By 1890 Charles Schreiner had elevated Kerrville to prominence. Adopting a system of wool warehousing, Schreiner added to it by agreeing to sell producers' wool on a commission basis to eastern buyers. For a percentage of the sale's price, he agreed to handle, store, and sell the wool. His combination warehouse and commission sales operation was unique (until late in the twentieth century Texas was the only state with such a scheme), profitable, and convenient. His busy teamsters carried food, equipment, and supplies to ranchers and hauled back to Kerrville the annual wool clips. Moreover, he financed many ranchers by providing loans, and he encouraged the spread of fine wool sheep, especially delaines, the American merino strain.
With the start of Reconstruction, Kerrville began to prosper. Demand for fine building lumber, farm and ranch produce, and skilled craftsmen boosted the town's economy. Kerrville's growth was further aided as Indian raids eventually ceased, windmills and barbed wire were introduced, and successful sheep, cattle and goat ranches were established in the area. Cattle drives punctuated the boom years of the late 1880s and 1890s.
The Kerrville Water Works Company began to provide water for town dwellers in 1894. Telephone service was introduced in 1896 and the town began to pave streets in 1912.Kerrville survived recessions and the Great Depression far better than many towns. Wealthy and diversified even in the 1920s and 1930s, the town rapidly surpassed many of its neighbors economically and became a regional transportation, banking and medical center for the western Hill Country and Edwards Plateau.

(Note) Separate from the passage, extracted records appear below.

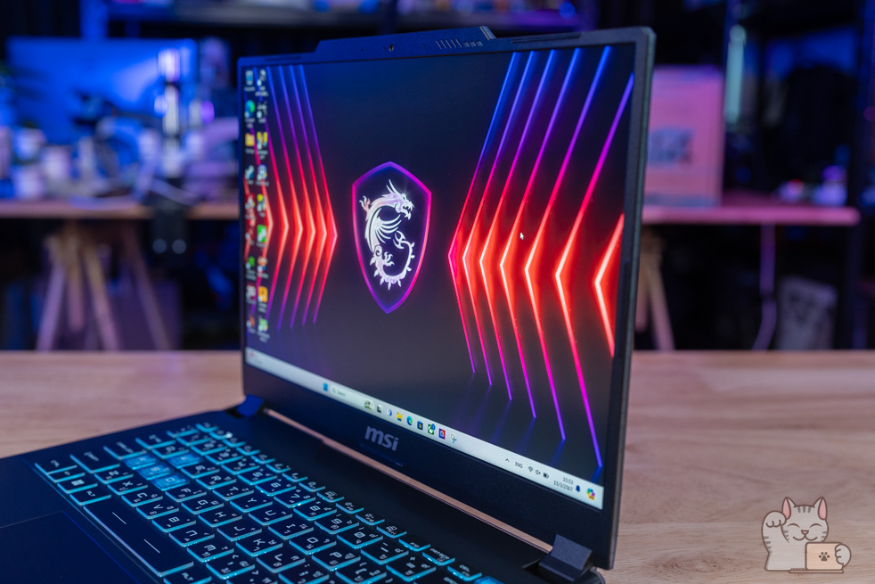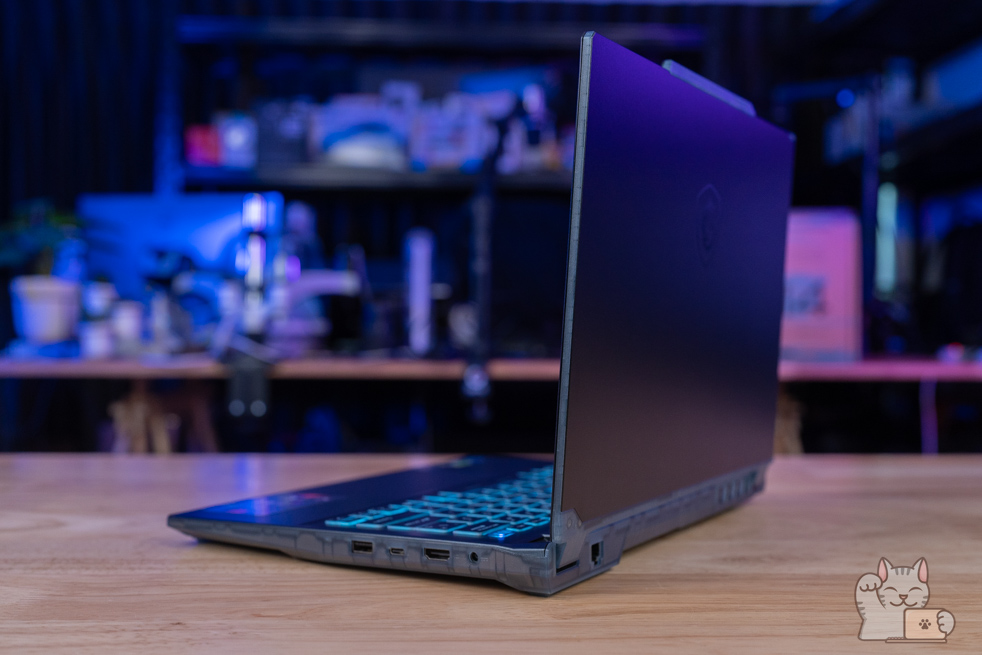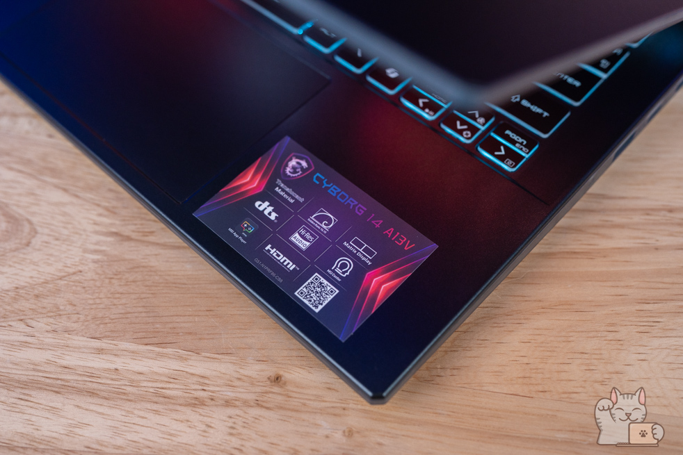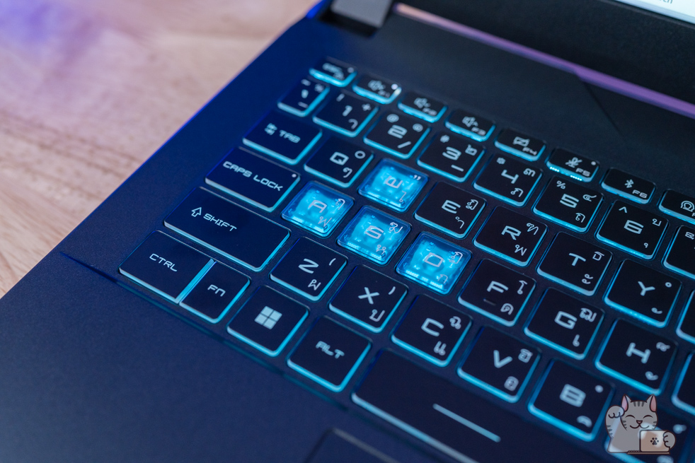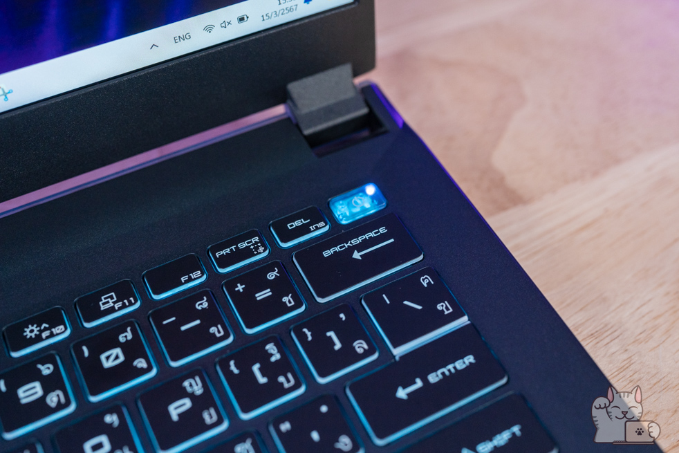 การมาของ MSI Cyborg 14 โดดเด่นด้วยหน้าจอขนาด 14″ พาเนล IPS ความละเอียด Full HD+ ที่รองรับ Refresh Rate 144Hz ให้ความลื่นไหล ค่าสี sRGB 100% แรมขนาด 16GB DDR5 Bus 5200 MHz (8GB x 2 ตัว) และ SSD M.2 NVMe PCIe Gen 4 ที่ 512GB – 1TB พร้อมรองรับการทำงานหรือเล่นเกมอย่างไม่มีสะดุด ในส่วนของไฟคีย์บอร์ดได้เป็นสีฟ้า ตอกย้ำความเป็น MSI Gaming ที่ ได้รับการตอบรับดีที่มาก ๆ ตอบสนองทุกการใช้งานได้อย่างราบรื่น รวดเร็ว โดยมีการติดตั้งไฟคีย์บอร์ดแบบสีฟ้าโดดเด่น กับความโปร่งแสงในหลายๆ จุด ทั่วตัวเครื่อง ฝาหลังเป็นโลหะ ต่อยอดมาจาก Cyborg 15 นั่นเอง
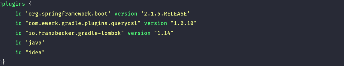 먼저 Querydsl 관련 플러그인을 다음과 같이 추가해줍니다.
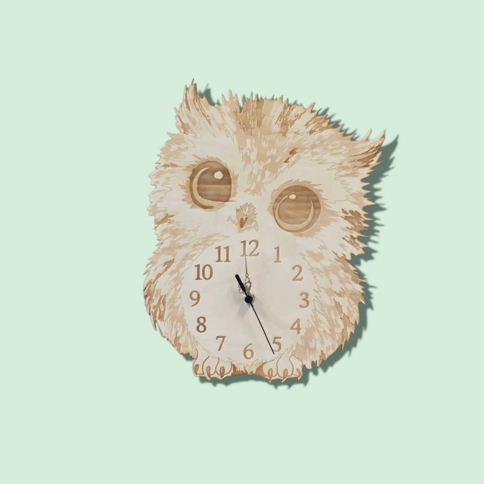 Tässä suloinen pöllökello lastenhuoneen sisustamiseen puunvärisenä. Puun luonnollinen väri rauhoittaa jo värikästä sisustusta ja tuo tarpeellisen kontrastin vaaleampaan tilaan.
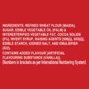 Refined Wheat Flour, Sugar, Edible Vegetable Oil and Interesterified Vegetable Fat, Cocoa Solids, Invert Syrup, Raising Agents, Edible Starch, Iodised Salt and Emulsifier.
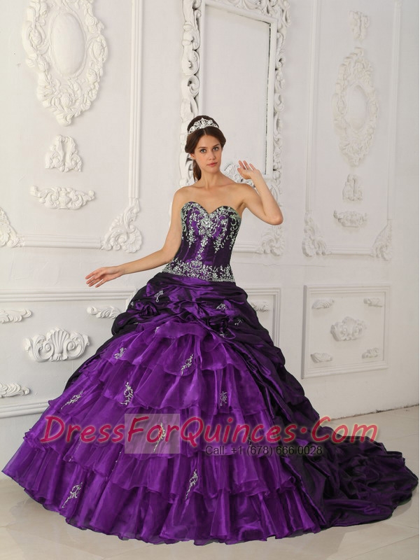 Purple Ball Gown Sweetheart Chapel Train Pretty Quinceanera Dresses with Taffeta and Organza Appliques
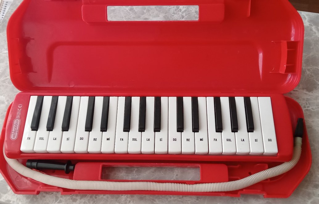 Kırmızı melodika, tuşlarında SOL dahil renkli nota işaretleri bulunur. Çalmak için esnek beyaz boru mevcuttur.
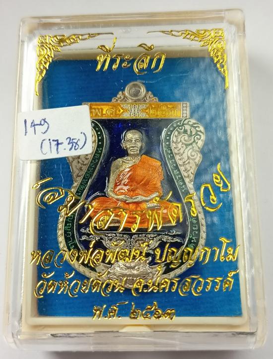 เหรียญเสมา "สารพัดรวย" หลวงพ่อพัฒน์ วัดห้วยด้วน เนื้อเงินลงยาขุ้ยพื้นสีน้ำเงิน (น้ำหนัก 17.38กรัม) เบอร์ 149 พร้อมกล่องครับ
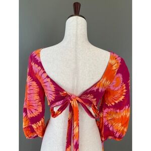 Farm Rio Tie Back Side Cut Printed Linen Jumpsuit - Size Small
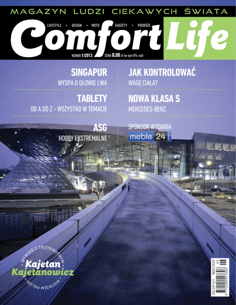 omfort Life C Magazyn Lifestyle • ludzi design ciekawych • moto Numer 1/2013 • gadżety • świata podróże Cena 8,00 zł (w tym 8% vat) Singapur wyspa o głowie lwa Tablety od A do Z - wszystko w temacie ASG Jak kontrolować wagę ciała? Nowa klasa s Mercedes-benz Sponsor wydania Z TRZYKRO •M IS I• • Indeks 296392 YM • WY Kajetan Kajetanowicz ISSn 2299-5471 D IA TN W hobby ekstremalne TR ZEM POLS K adresy Comfort Life Dziękujemy za współpracę firmom: Apart Sp. z o.o. Formacja "SZERSZEŃ" www.kajto.pl ul. Stara Droga 3 ul. Plac Wolności 12 62-002 Suchy Las k. Poznania 21 – 500 Biała Podlaska www.apart.pl www.asg-szerszen Biuro Podróży SPECIAL TRIPS Havas PR 08-110 Siedlce ul. Marynarska 11, Warszawa 02-674 www.polmos-siedlce.com.pl ul. Zamkowa 21A/6 www.havaspr.pl Podlaska Wytwórnia Wódek S.A. ul. Kolejowa 10 Mercedes-Benz Polska Salon Łóżka Prawdziwe Sp. z o.o. ul. Gottlieba Daimlera 1, 02-460 Warszawa ul. Sportowa 1 De`Longhi Polska Sp. zo.o. www.media.daimler.com 05-075 Warszawa-Wesoła Ursynów Buisness Park ul. Puławska 303 Partner of Promotion Sp. z o.o. 02-785 Warszawa ul. Belgradzka 8 lok. 01 www.delonghi.com 02-793 Warszawa 83-110 Tczew www.specialtrips.pl www.realbeds.pl www.partnersi.com.pl REKLAMA 122
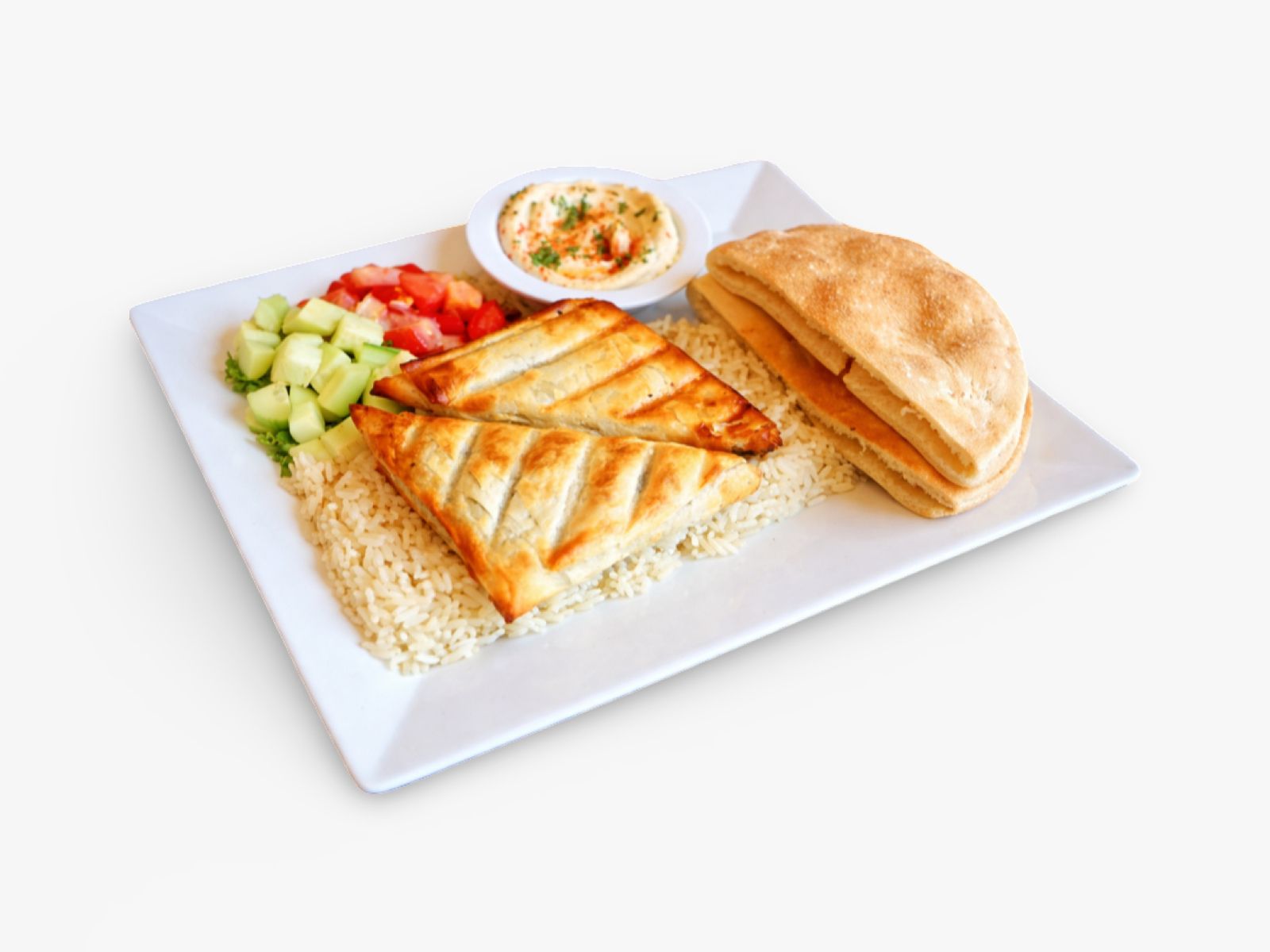 Two pieces baked fresh to order, served with fresh salad, creamy hummus, warm pita bread, tangy yogurt sauce, and your choice of rice, brown rice, or fries.
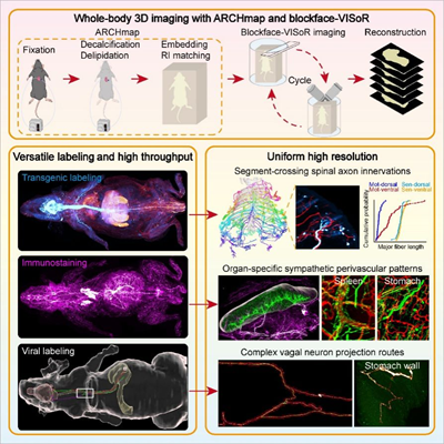 毕国强教授、刘北明教授联合合肥综合性国家科学中心人工智能研究院和中国科学院深圳先进技术研究院团队,突破性研发出全球最快的小动物全身亚细胞分辨率三维成像技术,首次实现小鼠全身神经网络精细三维图谱高清绘制。相关成果于北京时间7月10日发表于国际学术期刊《细胞》(Cell),为解析周围神经调控网络及疾病机理研究提供了全新工具。
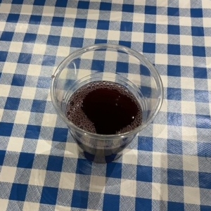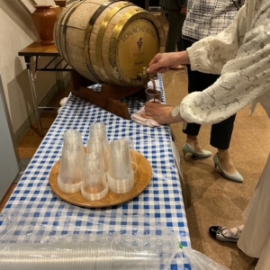 おお、寒い。と入ると、ロビーでワイン樽から赤紫色の液体のサービスが。「あ、ワイン⁈」と思った私は早合点。皆、車で移動の土地です、アルコールは出しません。ブドウジュースでした。「私、歩いて来たんですけど・・・。」
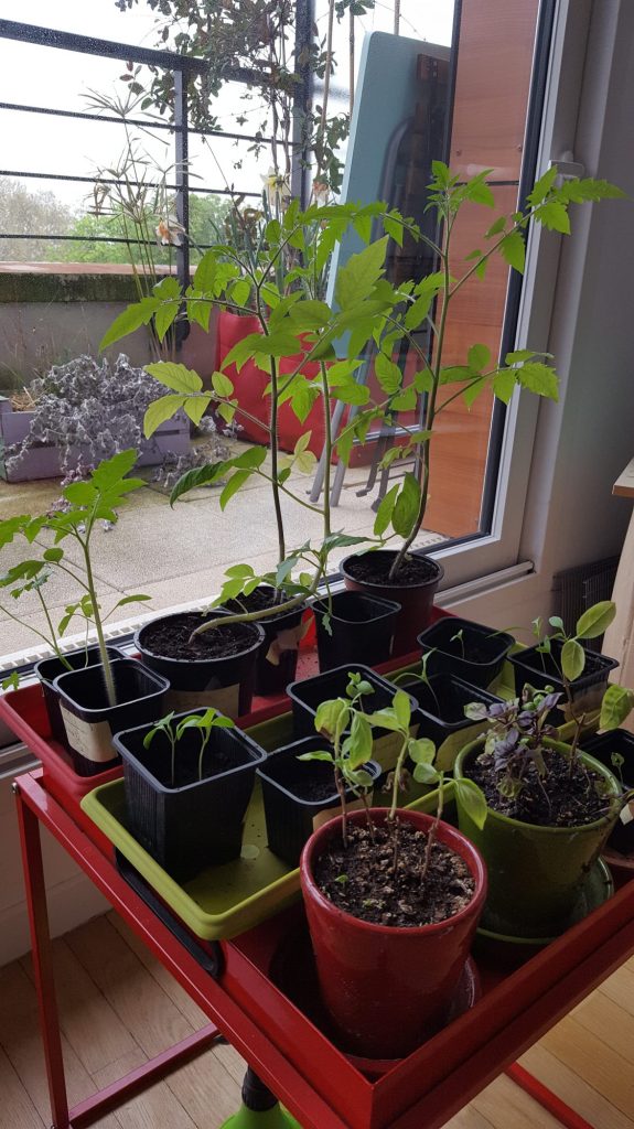 - semons dès la mi-février (ci-contre en avril des plants semés en février) en godets même si cela fait du travail de repiquage en plus mais il faut que les graines germent et pour cela il faut de la chaleur. Vous pouvez également utiliser une couche chaude si vous en avez.

Mooney International, Inc., a Chinese-owned manufacturer of single-engine general aviation aircraft, moved to Kerrville in 1946. Among its achievements were the first pressurized single-engine, piston-powered aircraft production of the fastest civilian single-engine, piston-powered aircraft in the world, the first production aircraft to achieve 201 mph on 200 horse power and the fastest transcontinental flight in a single-engine, piston-powered production aircraft. All Mooney aircraft have the signature vertical stabilizer with its vertical leading edge and swept trailing edge that gives the illusion of being forward-swept.
Kerrville and the surrounding areas are full of historic sites which have shaped the history of Kerrville. Kerrville's healthy climate, wildlife and scenery gave rise to tourism. After the 1940s the area attracted a new generation of postwar "living city, but thinking and singing country" Texans.
Kerrville has displayed steady growth to the present day. The town's economic base has diversified and broadened through business, agriculture, light manufacturing, health care, transportation services, education, the arts and tourism. By the mid-1990s the Wall Street Journal described Kerrville as "one of the wealthiest small towns in America."